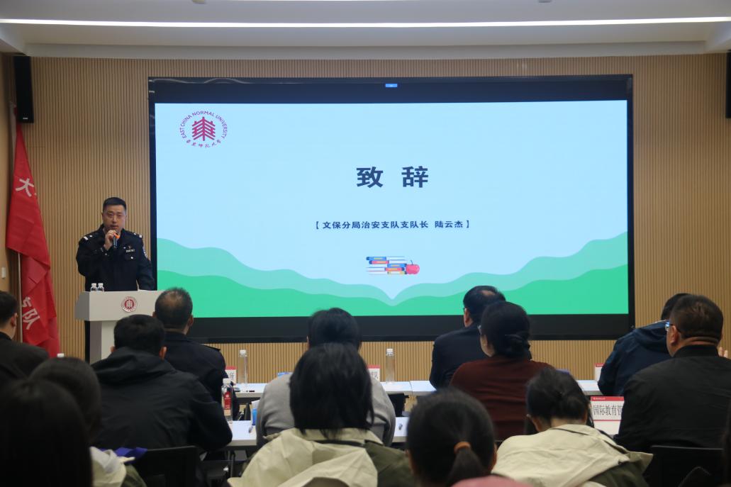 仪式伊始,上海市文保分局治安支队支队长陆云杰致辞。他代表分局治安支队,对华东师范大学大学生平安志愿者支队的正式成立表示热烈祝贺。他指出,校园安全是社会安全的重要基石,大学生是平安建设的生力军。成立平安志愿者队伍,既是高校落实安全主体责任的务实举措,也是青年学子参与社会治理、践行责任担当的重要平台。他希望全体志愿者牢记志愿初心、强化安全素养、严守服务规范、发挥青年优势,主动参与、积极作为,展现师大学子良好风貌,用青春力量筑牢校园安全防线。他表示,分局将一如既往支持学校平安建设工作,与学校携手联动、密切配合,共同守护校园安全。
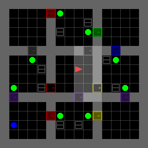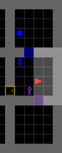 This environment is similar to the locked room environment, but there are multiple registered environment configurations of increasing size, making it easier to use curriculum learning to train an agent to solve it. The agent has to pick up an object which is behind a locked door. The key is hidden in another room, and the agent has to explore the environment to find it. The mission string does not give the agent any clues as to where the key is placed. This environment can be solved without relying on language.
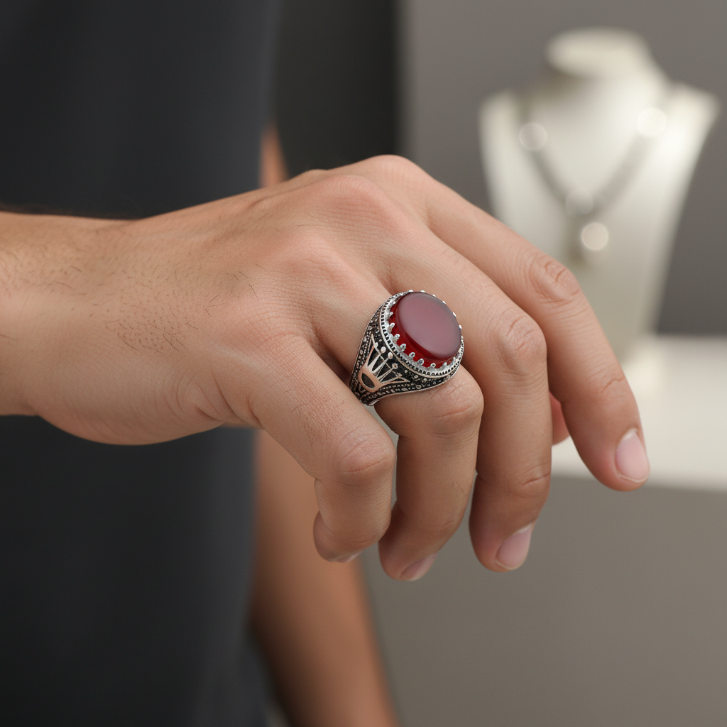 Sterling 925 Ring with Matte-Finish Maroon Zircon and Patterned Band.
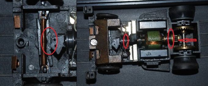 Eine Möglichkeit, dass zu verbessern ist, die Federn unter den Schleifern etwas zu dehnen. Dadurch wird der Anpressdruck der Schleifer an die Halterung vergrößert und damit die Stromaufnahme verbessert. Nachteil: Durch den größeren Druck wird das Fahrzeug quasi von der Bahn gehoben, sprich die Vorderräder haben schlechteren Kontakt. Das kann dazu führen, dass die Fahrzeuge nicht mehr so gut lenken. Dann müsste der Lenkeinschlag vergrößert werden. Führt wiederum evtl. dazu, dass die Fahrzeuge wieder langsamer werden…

**REQUIRED ACTION**
Give back the material word for word and drop the pictures it holds.

**RESPONSE TO THIS EXERCISE**
 仪式伊始,上海市文保分局治安支队支队长陆云杰致辞。他代表分局治安支队,对华东师范大学大学生平安志愿者支队的正式成立表示热烈祝贺。他指出,校园安全是社会安全的重要基石,大学生是平安建设的生力军。成立平安志愿者队伍,既是高校落实安全主体责任的务实举措,也是青年学子参与社会治理、践行责任担当的重要平台。他希望全体志愿者牢记志愿初心、强化安全素养、严守服务规范、发挥青年优势,主动参与、积极作为,展现师大学子良好风貌,用青春力量筑牢校园安全防线。他表示,分局将一如既往支持学校平安建设工作,与学校携手联动、密切配合,共同守护校园安全。
 This environment is similar to the locked room environment, but there are multiple registered environment configurations of increasing size, making it easier to use curriculum learning to train an agent to solve it. The agent has to pick up an object which is behind a locked door. The key is hidden in another room, and the agent has to explore the environment to find it. The mission string does not give the agent any clues as to where the key is placed. This environment can be solved without relying on language.
 Sterling 925 Ring with Matte-Finish Maroon Zircon and Patterned Band.
 Eine Möglichkeit, dass zu verbessern ist, die Federn unter den Schleifern etwas zu dehnen. Dadurch wird der Anpressdruck der Schleifer an die Halterung vergrößert und damit die Stromaufnahme verbessert. Nachteil: Durch den größeren Druck wird das Fahrzeug quasi von der Bahn gehoben, sprich die Vorderräder haben schlechteren Kontakt. Das kann dazu führen, dass die Fahrzeuge nicht mehr so gut lenken. Dann müsste der Lenkeinschlag vergrößert werden. Führt wiederum evtl. dazu, dass die Fahrzeuge wieder langsamer werden…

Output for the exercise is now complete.